Der Vorwurf: Das Atomkraftwerk würde einem sehr starken Erdbeben nicht standhalten, es könnte eine gefährliche Menge an Radioaktivität austreten. In seinem Urteil stellte das Schweizer Bundesgericht am 23. April 2021 fest: Das AKW Beznau hätte schon 2012 vom Netz genommen werden müssen, da es im Falle eines Erdbebens der Störfallkategorie 2 den entsprechenden Strahlendosiswert von einem Millisievert nicht eingehalten hätte.

Das ENSI, die Schweizer Atomaufsichtsbehörde, habe „seine ihm gesetzlich übertragene Aufgabe, als nukleare Aufsichtsbehörde darüber zu wachen, dass die nukleare Sicherheit bei den bestehenden Kernkraftwerken während der ganzen Laufzeit gewährleistet bleibt (…), ungenügend wahrgenommen und damit sein technisches Ermessen in bundesrechtswidriger Weise ausgeübt.“

Um einer gerichtlichen Schließung des ältesten AKWs der Welt in Beznau zuvorzukommen, hatte die Schweizer Landesregierung im Februar 2019 die vom ENSI angestrebten Änderungen der Strahlenschutzbestimmungen mittels Revision der Kernenergieverordnung ohne Rücksicht auf den geltenden Bevölkerungsschutz durchgeführt.

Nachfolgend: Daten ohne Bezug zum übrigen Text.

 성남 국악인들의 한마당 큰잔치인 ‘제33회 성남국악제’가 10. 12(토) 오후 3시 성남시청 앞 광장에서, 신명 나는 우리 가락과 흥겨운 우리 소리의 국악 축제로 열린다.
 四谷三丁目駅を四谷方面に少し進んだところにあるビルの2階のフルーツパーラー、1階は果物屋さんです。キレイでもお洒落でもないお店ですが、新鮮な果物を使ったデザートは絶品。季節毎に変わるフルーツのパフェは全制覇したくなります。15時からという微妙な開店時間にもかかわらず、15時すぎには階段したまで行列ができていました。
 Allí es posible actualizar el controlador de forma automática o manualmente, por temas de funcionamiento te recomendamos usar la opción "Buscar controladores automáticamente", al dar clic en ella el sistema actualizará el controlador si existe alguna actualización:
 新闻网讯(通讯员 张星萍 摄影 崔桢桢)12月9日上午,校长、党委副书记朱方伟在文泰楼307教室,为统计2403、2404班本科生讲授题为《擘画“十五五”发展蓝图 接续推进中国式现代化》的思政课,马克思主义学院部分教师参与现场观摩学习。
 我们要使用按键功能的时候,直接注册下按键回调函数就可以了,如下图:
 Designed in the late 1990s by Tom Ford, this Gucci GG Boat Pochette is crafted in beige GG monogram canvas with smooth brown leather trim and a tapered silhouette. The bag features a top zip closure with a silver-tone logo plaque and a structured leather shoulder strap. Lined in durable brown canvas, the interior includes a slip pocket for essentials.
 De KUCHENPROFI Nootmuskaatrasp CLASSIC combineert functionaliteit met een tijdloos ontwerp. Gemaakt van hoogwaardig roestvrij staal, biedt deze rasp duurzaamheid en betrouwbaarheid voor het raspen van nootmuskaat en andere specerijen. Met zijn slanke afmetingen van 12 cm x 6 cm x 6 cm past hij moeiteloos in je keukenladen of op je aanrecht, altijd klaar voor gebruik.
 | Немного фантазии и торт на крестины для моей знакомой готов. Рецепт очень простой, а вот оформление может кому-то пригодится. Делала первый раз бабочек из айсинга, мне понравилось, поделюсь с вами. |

Damit wurden die Grenzwerte im Strahlenschutz bei Atomunfällen erheblich verschlechtert und noch legitimiert. Einerseits ist nicht mehr das Risiko für die Bevölkerung entscheidend, sondern nur die Ursache der Freisetzung. Diese ist das einzige Kriterium zur gesetzlichen Außerbetriebnahme eines AKWs in der Schweiz. Das sind nach den neuen Regelungen Ausfälle in der Gewährleistung der Kernkühlung. Andererseits lässt die neue Verordnung zu, dass Ereignisse mit einer Häufigkeit von 1:10, also durchschnittlich alle zehn Jahre vorkommen können, zu einer Verstrahlung der Bevölkerung von 100 Millisievert und mehr führen dürfen, sofern sie nicht durch ein Versagen der Kernkühlung verursacht sind. Ansonsten gilt der Höchstwert von 100 Millisievert für Ereignisse, wie sie alle 10.000 Jahre vorkommen. (Quelle: Schweizerische Energiestiftung)

Eine Verstrahlung der Bevölkerung von 100 Millisievert entspricht einer Notfallexpositionssituation – diese kann die Bevölkerung langfristig – also für mehrere Jahrzehnte – treffen und ihr bisheriges Leben unmöglich machen. Wie die Unfälle von Tschernobyl und Fukushima zeigen, ist der Übergang von einer „Notfallexpositionssituation“ zu einer „bestehenden Expositionssituation“ einzig eine Definitionsfrage. Hier werden die Grundsätze des Strahlenschutzes (Rechtfertigung, Dosisbegrenzung, Optimierung) und des Vorsorgeprinzips missachtet. Bei einem Störfall wären die Konsequenzen europaweit dramatisch. Nach einem Super-GAU der Schweizer Atomreaktoren wären laut der Untersuchungsergebnisse des Genfer Biosphäreninstituts über hunderttausend Strahlenopfer in Europa zu erwarten – der größte Teil wahrscheinlich in einem der Nachbarländer. Die sozialen ökologischen und ökonomischen Folgen wären von keinem Staat zu bewältigen.

Nach neuesten epidemiologischen Studien werdem die Auswirkungen der Strahlung im Niedrigdosisbereich auch von der Internationalen Strahlenschutzkommission (ICRP) um den Faktor 10 bis über 100 unterschätzt – eine Überarbeitung der internationalen Schutzrichtlinien ist dringend erforderlich. Auch in der Schweiz wäre die Anerkennung wissenschaftlicher Erkenntnisse zu ionisierender Strahlung ein wichtiger Schritt – so Claudio Knüsli von der PSR/IPPNW Schweiz anlässlich des 35. Jahrestages von Tschernobyl.

Claudia Richthammer ist Mitglied des AK Atomenergie.